Image: The collapsing star scenario that is one of the leading contenders as the cause of gamma-ray bursts. Dr. Stan Woosley of the University of California at Santa Cruz proposed the collapsar theory in 1993. This artist’s concept of the collapsar model shows the center of a dying star collapsing minutes before the star implodes and emits a gamma-ray burst that is seen across the universe. Credit: NASA/Dana Berry.
“We expected to see the typical featureless spectrum of a gamma-ray burst afterglow, but instead we found a mixture between this and the more complex spectrum of a supernova similar to those generally observed weeks after the gamma-ray burst,” said Nicola Masetti of INAF’s Institute for Space Astrophysics and Cosmic Physics (IASF) in Bologna. “A supernova must be in the works.”
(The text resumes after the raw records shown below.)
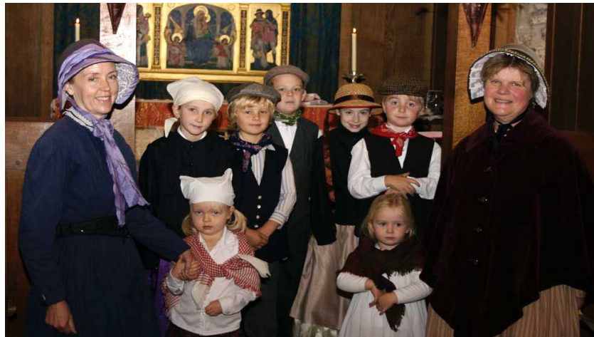
Photo taken at the Christchurch 150th Anniversary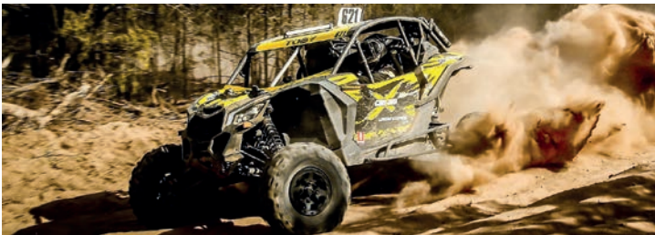
The McIntyre 900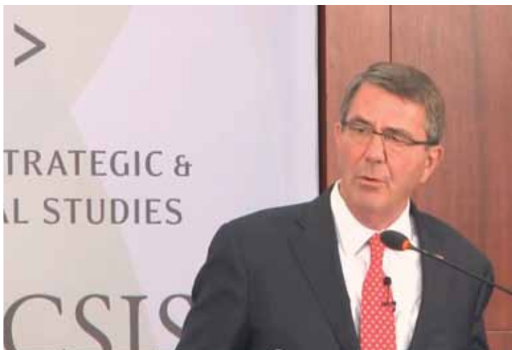
Secretary of Defense Ashton Carter appeared at the Center for Strategic and International Studies April 5, saying that Russia and China are the primary enemies of the United States.

Now where is all of this leading? China's position concerning these waters is written in what it calls the Nine Dash Line in the South China Sea, and China claims that these are territories which historically have belonged to China, including the right to reclaim land and build bases on the Spratly Islands. China also says—and it is true—that this does not represent a violation of the freedom of the seas. It will only improve the living conditions of the people there and improve protection against pirates, without hindering the passage of other ships.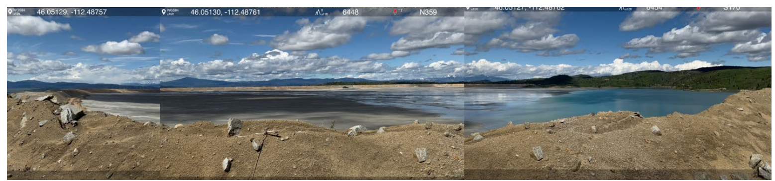
Photo 7- Additional tailings discharge lines allow greater flexibility for selectively applying tailings slurry in areas that might become dry and prone to blowing dust, and to control the uniform development of the beach and pond areas.

If so, this one is an observational gem. We may be looking at the collapse of a massive star, with stellar debris trapping optical light inside. GRB 060218 was detected by radio telescopes from the very day the Swift satellite first picked it up with all three of its instruments — the Burst Alert Telescope, the X-ray Observatory and the Ultraviolet/Optical Telescope. Scientists will thus be able to observe this explosion from start to finish in wavelengths ranging from radio through X-ray. And well-equipped amateurs with 16-inch telescopes may be able to see it as well as it reaches 16th magnitude brightness.
Catching up on interesting stories, Centauri Dreams notes the bizarre case of the counter-rotating disk material around a young star 500 light years from Earth in the direction of Ophiuchus. Of course, we don’t actually know if planets exist there — we may just be looking at planetary formation — but astronomers using the Very Large Array radio telescope have determined that the inner part of the disk orbits in the opposite direction from the outer, and that’s a novel finding.
It seems reasonable to expect planets to orbit in the same direction; at least, it does if we take our own Solar System as a model, but exoplanetary findings have made it clear that planetary systems may be far more diverse than we originally thought. In this case, the assumption must be that the formative solar system drew material from not one but two prestellar clouds, both of which may provide enough material to form planets in the resultant disk.
Image: One protostellar cloud collapses further into a disk-like structure that rotates counter-clockwise (white arrows) about the newly-formed protostar. In addition, the protostar siphons off material from a second, passing protostellar cloud rotating in the opposite direction. Because of this, the outer part of the disk rotates clockwise (yellow arrows). Eventually, planets will form from the material in this disk, with the outer planets orbiting the star in the opposite direction from the inner planets. Credit: Bill Saxton, NRAO/AUI/NSF.
And how do we know that parts of the disk are moving in different directions? This work examined radio waves emitted by molecules within the star-forming clouds under investigation — these molecules emit radio waves at specific frequencies whose Doppler Shift can be measured. The key here proved to be observations of silicon monoxide (SiO) molecules. The April 1 edition of the Astrophysical Journal will contain a report on these findings.
Centauri Dreams‘ take: What was news to me in this story was a comment made by Jan Hollis (GSFC) to the effect that counter-rotation has previously been reported in the disks of galaxies (somehow I had missed this). That there should be protostellar disks exhibiting the same behavior is thus not unexpected, although understanding the dynamics that result in counter-rotating galactic material is a much greater challenge, given how much we have to learn about dark matter’s effect in determining just how a galaxy is going to form.